## Work task
Working from the data below, write out exactly the lines from its first through the line that contains "Paso 3: Busca", both ends included and pictures omitted.

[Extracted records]
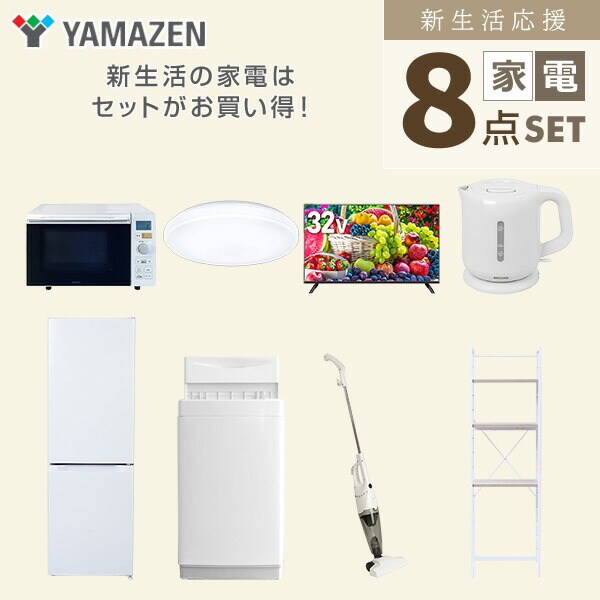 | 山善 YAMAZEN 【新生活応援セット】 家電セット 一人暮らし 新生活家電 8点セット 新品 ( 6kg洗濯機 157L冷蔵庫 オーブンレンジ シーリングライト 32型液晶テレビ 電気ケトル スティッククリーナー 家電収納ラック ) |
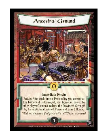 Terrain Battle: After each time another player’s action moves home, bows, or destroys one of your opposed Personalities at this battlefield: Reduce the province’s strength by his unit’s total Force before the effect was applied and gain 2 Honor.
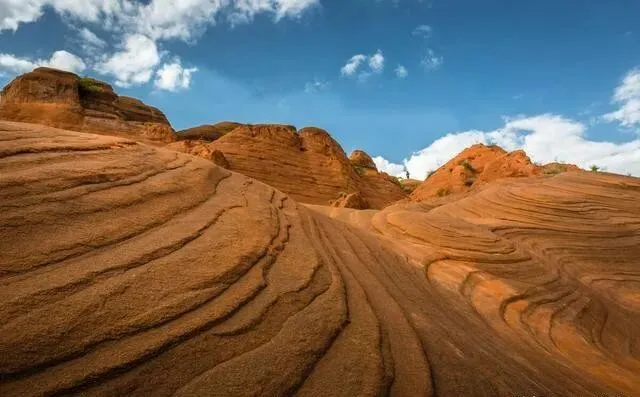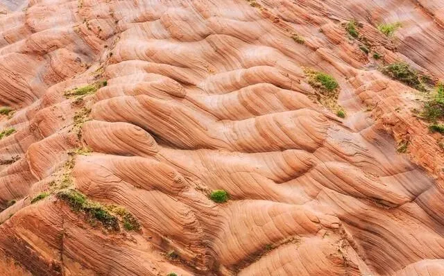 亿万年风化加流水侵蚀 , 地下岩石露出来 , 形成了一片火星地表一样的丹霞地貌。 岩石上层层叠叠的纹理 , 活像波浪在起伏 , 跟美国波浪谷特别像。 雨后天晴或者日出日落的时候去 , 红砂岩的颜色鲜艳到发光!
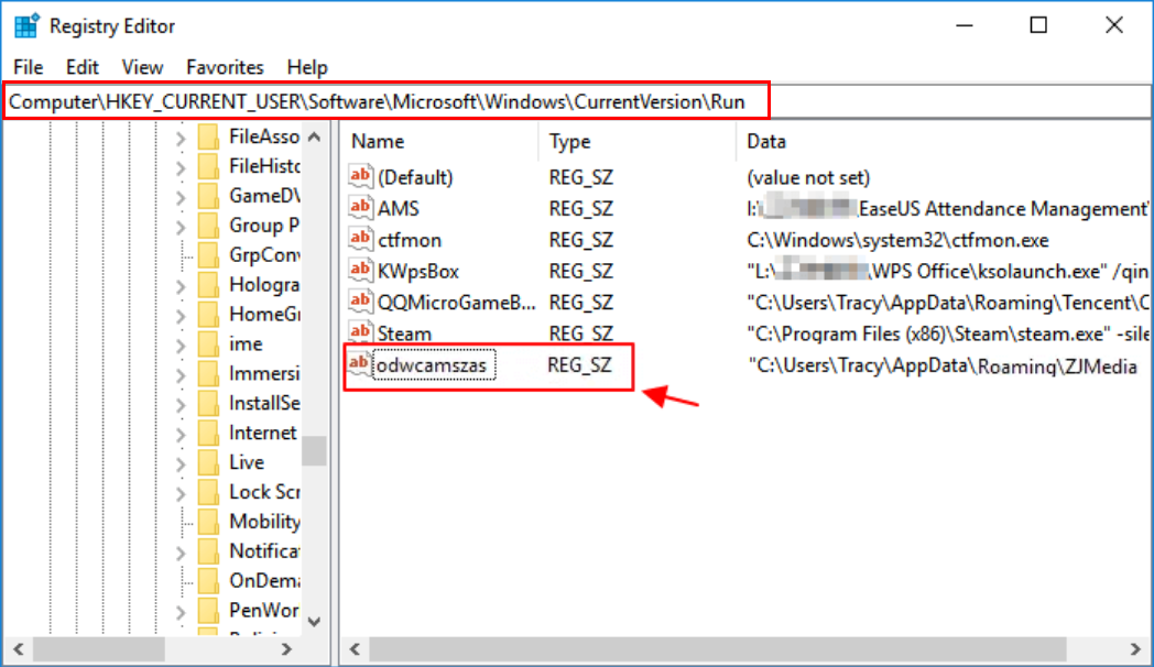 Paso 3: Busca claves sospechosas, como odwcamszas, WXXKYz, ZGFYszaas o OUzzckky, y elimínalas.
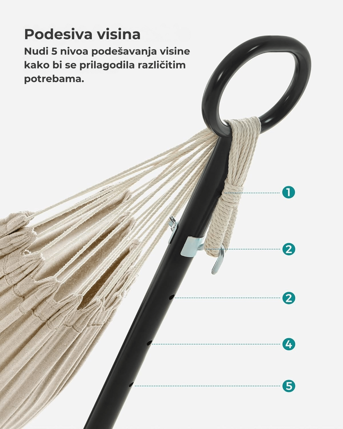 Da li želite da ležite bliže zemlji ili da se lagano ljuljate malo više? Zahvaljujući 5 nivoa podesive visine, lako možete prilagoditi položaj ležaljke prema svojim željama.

## Answer to this exercise
 | 山善 YAMAZEN 【新生活応援セット】 家電セット 一人暮らし 新生活家電 8点セット 新品 ( 6kg洗濯機 157L冷蔵庫 オーブンレンジ シーリングライト 32型液晶テレビ 電気ケトル スティッククリーナー 家電収納ラック ) |
 Terrain Battle: After each time another player’s action moves home, bows, or destroys one of your opposed Personalities at this battlefield: Reduce the province’s strength by his unit’s total Force before the effect was applied and gain 2 Honor.
 亿万年风化加流水侵蚀 , 地下岩石露出来 , 形成了一片火星地表一样的丹霞地貌。 岩石上层层叠叠的纹理 , 活像波浪在起伏 , 跟美国波浪谷特别像。 雨后天晴或者日出日落的时候去 , 红砂岩的颜色鲜艳到发光!
 Paso 3: Busca claves sospechosas, como odwcamszas, WXXKYz, ZGFYszaas o OUzzckky, y elimínalas.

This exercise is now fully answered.